Мы хорошо знаем, какую роль в духовной жизни Достоевского играли его жгучая любовь к своему народу и чувство нравственной ответственности за его судьбу (ответственности, разделяемой всеми, к нему принадлежащими) и горячая жажда нравственного преображения народа, жажда его духовного спасения. Исторические судьбы народа, в глазах Достоевского, неразрывно связаны с его внешними судьбами, с вопросами об его духовной гибели или спасения, вопросами об его «духовном возмужании» и росте духовном. Какие духовные силы и богатства потенциально даны ему, и как велики глубины его падения и немощи его!
«…В русском человеке из простонародья нужно уметь отвлекать красоту его от наносного варварства. Обстоятельствами всей почти русской истории народ наш до того был предан разврату и до того был развращаем, соблазняем и постоянно мучим, что удивительно, как он дожил, сохраняя человеческий образ, а не то что сохранил красоту его. Но он сохранил и красоту своего образа.
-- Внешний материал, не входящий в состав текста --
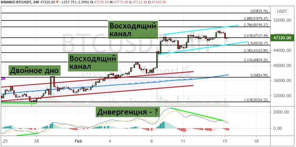 Но есть вероятность развития и нисходящей динамики. Этот сценарий будет реализован, если стоимость биткоина опустится ниже уровня поддержки 43 320, в случае чего котировки BTC отправятся к ключевой области поддержки $40 000 – $40 840. Более глубокое снижение приведет к тестированию отметки $36 824, где также проходит 200-дневная простая скользящая средняя (SMA). В пользу этого сценария говорит формирование медвежьей дивергенции между ценой на графике и осцилляторе MACD.
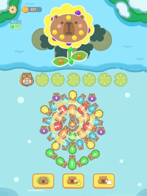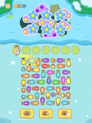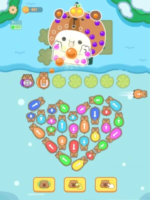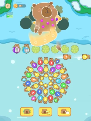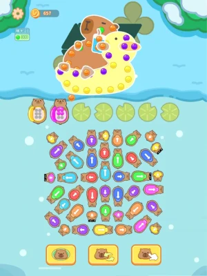 The adorable capybaras are almost late for school, so hurry up and pack their lunchboxes for them. Tap on a capybara to move it to a lotus leaf, collect dumplings of the same color to fill the lunchboxes, and you can clear the level once all the capybaras have their lunchboxes packed. There are quite a few capybaras waiting to go to school, so you need to use your brain and plan a reasonable route to solve the congestion. Additionally, collecting dumplings can summon different capybaras, and the capybaras you have obtained can be placed in the dorms to create a unique dorm of your own.
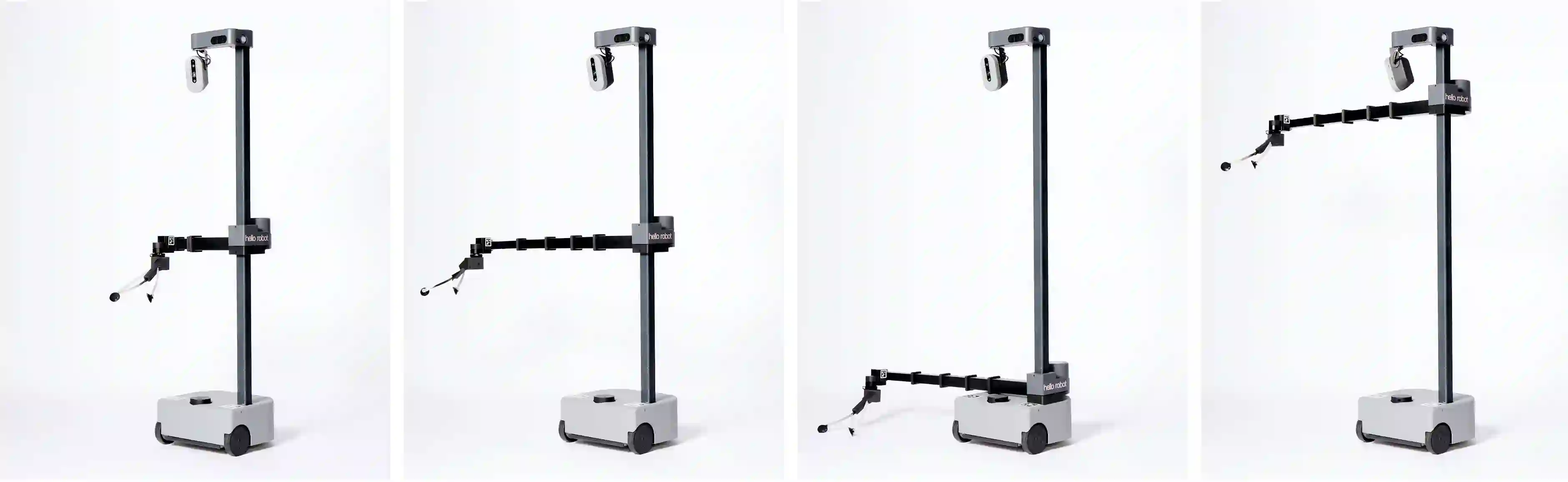 翻译:室内人类环境中的移动操纵器可以作为多用途装置,执行各种任务,但采用这种技术是有限的。降低尺寸、重量和成本可以促进采用,但有限制能力的风险。我们展示了一种新型设计,在减少尺寸、重量和成本的同时,仍然执行各种任务。核心设计包括两轮不同驾驶移动基,电梯和为在手臂末端实现笛卡尔运动而配置的遥测臂。设计扩展包括一个储存工具的自由手腕1度,一个投放和滚动工具的2-DOF模棱两可手腕,以及一个符合要求的牵引器。我们用固定稳定性的数学模型设计,将机器人的大小和重量与其工作空间、有效载荷和应用力联系起来。我们还提供经验支持,根据我们的设计(Hello Roble Inc.),通过远程操作和自主控制一个商业机器人,在现实家中执行任务。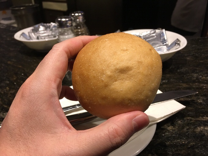 パンは野球ボールくらいのサイズで味は可もなく、不可もなく。料理が出てくるまでのアテとしてもいけますし、魚介のダシが染み出したスープ料理に浸して食べるのにもよさそうです。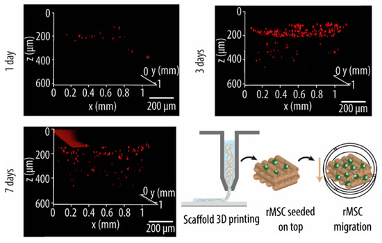 A common problem of cell-functionalized scaffolds is the often poor colonization of the scaffold core [85,86]. This might be caused by excessive cell growth on the scaffold surface, leading to cell accumulation and, as a result, sealing of the scaffold’s pore structure and halting cell migration and/or nutrition uptake into the scaffold. Thus, we studied cell migration into the PGB hydrogel by analyzing the z-projection of the cells’ location on days 1, 3, and 7 (Figure 8). While the majority of rMSCs were found on the surface on day 1, the first cells had penetrated the scaffold by day 3. Over the following days, cells dispersed along the nanofibrillar hydrogel network, and by day 7, cells had colonized the hydrogel core, and a fair dispersion of cells within the scaffold was observed. Additionally, we calculated the migratory speed of rMSCs in z direction at these time points and determined values of 9.0 ± 4.6, 5.1 ± 0.2, and 2.5 ± 0.3 µm h−1, respectively. The quickest z-migration was found on day 1, which might be explained by the fact that over time, cells colonize the scaffold not only in z (penetration) but also in x and y (dispersion) directions, and the latter are not detected in our experimental set-up. Notably, recent studies have suggested that PDA coatings may boost migratory speed due to fibronectin depositions and subsequent integrin activation [87,88]. Likewise, the presence of PDA may modify the focal adhesion features of the hydrogel and thus facilitate improved cell movement.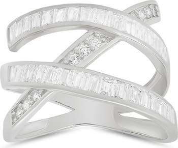 Baguette-cut and round cubic zirconia bring glamorous sparkle to this crisscrossing multiband ring boasting a high-shine finish.

Кто истинный друг человечества, у кого хоть раз билось сердце по страданиям народа, тот поймет и извинит всю непроходимую наносную грязь, в которую погружен народ наш, и сумеет отыскать в этой грязи, бриллианты. Повторяю: судите русский народ не по тем мерзостям, которые он так часто делает, а по тем великим и святым вещам, по которым он в самой мерзости своей постоянно воздыхает. А ведь не все же в народе — мерзавцы, есть прямо святые, да еще какие: сами светят и всем нам путь освещают».
«Нет, судите», — продолжает Достоевский — «наш народ не по тому, чем он есть, а по тому, чем он желал бы стать. А идеалы его сильны и святы, и они–то и спасли его в века мучений; они срослись с душой его искони и наградили его навеки простодушием и честностью, искренностью и широким всеоткрытым умом, и все это в самом привлекательном гармоничном соединении…» [70]).
В знаменитом своем очерке «Влас» («Дневник Писателя» за 1873 год) Достоевский рисует особенно яркие картины глубины катастрофического духовного падения русского человека, за которой, однако, иногда следует и огромная сила внутреннего перелома и восстановления духовного (как он находит это изображенным в знаменитом «Власе» Некрасова).
«Тут являются перед нами два народных типа, — в высшей степени изображающие нам весь русский народ в его целом. Это, прежде всего, забвение всякой мерки во всем (и, заметьте, всегда почти временное и преходящее, являющееся как–бы каким–то наваждением). Это — потребность хватить через край, потребность в замирающем ощущении, дойдя до пропасти, свеситься в нее наполовину, взглянуть в самую бездну и — в частных случаях, но весьма нередких — броситься в нее, как ошалелому, вниз головой. Это — потребность отрицания в человеке, иногда самом не отрицающем и благоговеющем, отрицания всего, самой глазной святыни сердца своего, самого полного идеала своего, всей народной святыни во всей ее полноте, перед которой сейчас лишь благоговел, и которая вдруг как будто стала ему невыносимым каким–то бременем…».